Gagasan HAM dikemukakan dari teori hak kodrati yang dikembangkan oleh para filsuf seperti John Locke dan Thomas Paine. Maksud dari hak kodrati ini adalah setiap manusia memiliki hak yang melekat pada dirinya yang harus dilindungi serta dihormati oleh negara. Apabila hak asasi manusia meliputi hak-hak ditarik atau dikurangi, maka dapat mengakibatkan derajat kemanusiaan yang semakin berkurang. Meskipun telah ada kesepakatan internasional yang menjamin hak asasi manusia ini, kenyataannya masih banyak individu yang mengalami kesulitan yang diakibatkan oleh pelanggaran-pelanggaran hak asasi manusia dalam hak kesehatan, salah satunya adalah akses terhadap pelayanan kesehatan yang masih belum merata di beberapa daerah.

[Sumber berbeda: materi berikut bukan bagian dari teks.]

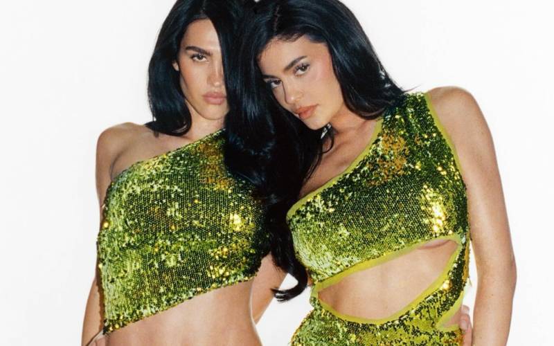 푸시아 실크 러플 드레스는 가격 미정, McQueen. 해마 모티프의 이어링은 가격 미정, Gucci.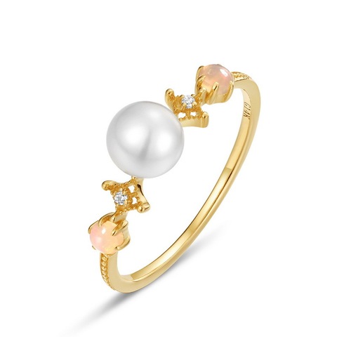 Anello Vintage giapponese placcato in oro 14K luce di lusso naturale opale perla d'acqua dolce retrò moda gioielli stile alla moda per le donne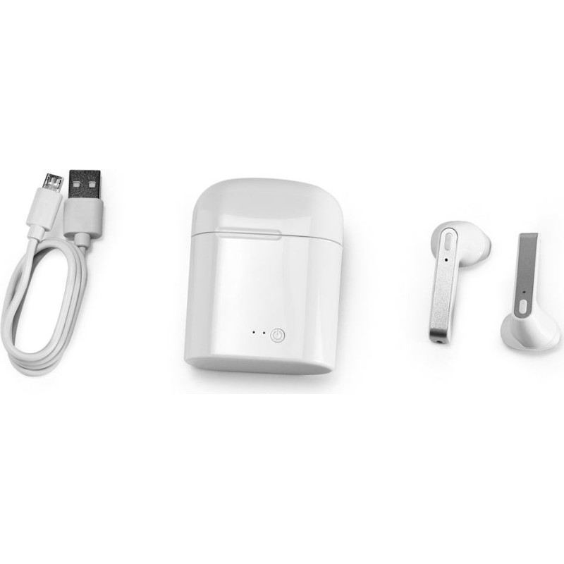 ABS wireless stereo earphones. BT transmission, with autonomy of up to 6 hours. Functions: answering calls, control volume and connect to the playlist of a mobile device. Includes USB charging cable. Supplied in a box with charger function. 71 x 55 x 28 mm | Headphone: 47 x 21 x 21 mm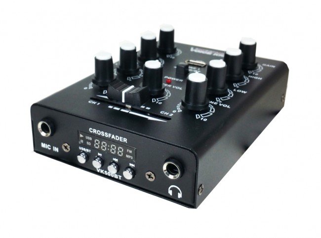 Czarny 2-kanałowy mikser dla DJów z portem USB i funkcją bluetooth oraz wejściami typu cinch i jack.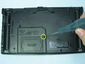 Отвинтите двенадцать винтов длиной 11,8 мм, показанных на изображении, с помощью крестовой отвёртки №00. Винты расположены на задней стороне калькулятора.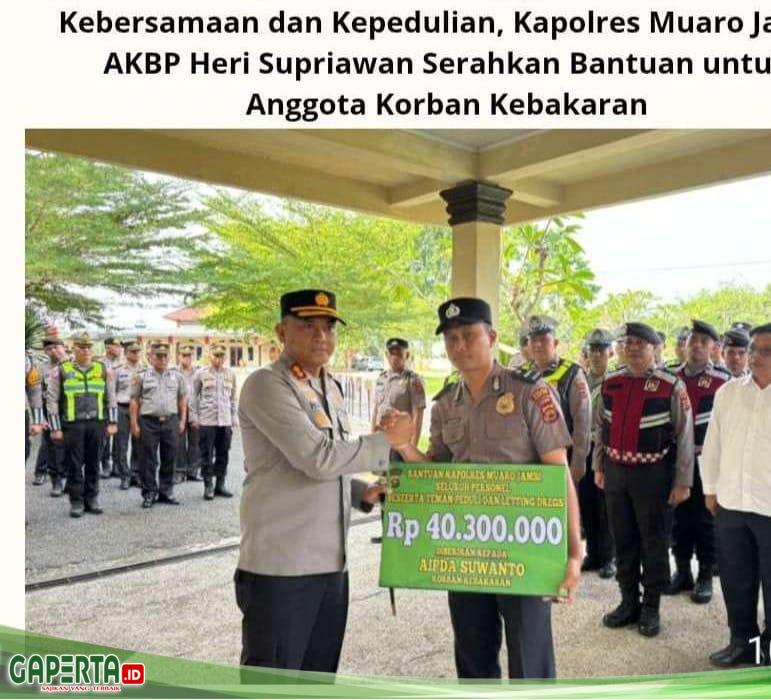 Muaro Jambi, [Gaperta.id] – Nilai kebersamaan dan rasa kekeluargaan kembali ditunjukkan keluarga besar Polres Muaro Jambi. Kapolres Muaro Jambi, AKBP Heri Supriawan, S.I.K. M. H., menyerahkan langsung bantuan kepada salah satu anggota Satuan Keuangan (Sikeu) Polres Muaro Jambi yang tertimpa musibah kebakaran rumah, Senin (09/02/2026).

Salah satu kasus yang melibatkan pelanggaran HAM terjadi pada Rumah Sakit Umum Daerah (RSUD) Scholoo Keyen, di Kabupaten Sorong Selatan, Papua Barat Daya. Disebutkan bahwa rumah sakit ini “nyaris lumpuh” dalam melakukan pelayanan akibat kelangkaan obat dan bahan medis seperti selang oksigen dan alat suntik sekali pakai sehingga mengakibatkan beberapa pasien meninggal dunia. Kelangkaan bahan medis ini mengharuskan beberapa pasien untuk dirujuk ke rumah sakit lain dimana perjalanan ini akan memakan waktu sekitar 5-6 jam perjalanan yang dapat meningkatkan risiko kematian selama perjalanan. Keterbatasan jumlah dokter serta tenaga kesehatan tidak mencukupi untuk memenuhi kebutuhan pasien. Ketua Majelis Pengembangan Pelayanan Keprofesian PB IDI, Pujo Hartono, menyatakan bahwa kebanyakan dokter yang baru lulus hanya mau ditempatkan di kota-kota besar sehingga mengakibatkan kurangnya jumlah dokter di bagian Indonesia Timur. Selain itu, masih banyak fasilitas rumah sakit yang rusak dan tidak memadai untuk pasien-pasien di rumah sakit. Kondisi ini mencerminkan bahwa masih ada ketimpangan akses layanan kesehatan yang terjadi terutama di daerah terpencil seperti Papua.
Kondisi yang dialami oleh RSUD Scholoo Keyen bertentangan dengan amanat UUD 1945 Pasal 28H ayat (1) yang menegaskan bahwa setiap orang berhak mendapatkan pelayanan kesehatan yang layak. Dengan demikian, perlu ada langkah konkret dari pemerintah untuk memastikan distribusi tenaga kesehatan yang merata, pengelolaan anggaran rumah sakit yang lebih baik, serta peningkatan infrastruktur kesehatan di daerah terpencil agar hak atas kesehatan dapat terpenuhi secara adil. Pemerintah perlu mengambil langkah konkret untuk meningkatkan infrastruktur kesehatan di daerah terpencil. Investasi dalam pelatihan tenaga medis dan penyediaan fasilitas kesehatan yang memadai harus menjadi prioritas. Selain itu, kolaborasi dengan organisasi non-pemerintah dan komunitas lokal dapat membantu mengidentifikasi kebutuhan spesifik masyarakat dan menyediakan solusi yang tepat. Dengan langkah-langkah ini, diharapkan akses layanan kesehatan dapat lebih merata dan hak atas kesehatan masyarakat dapat terpenuhi secara optimal.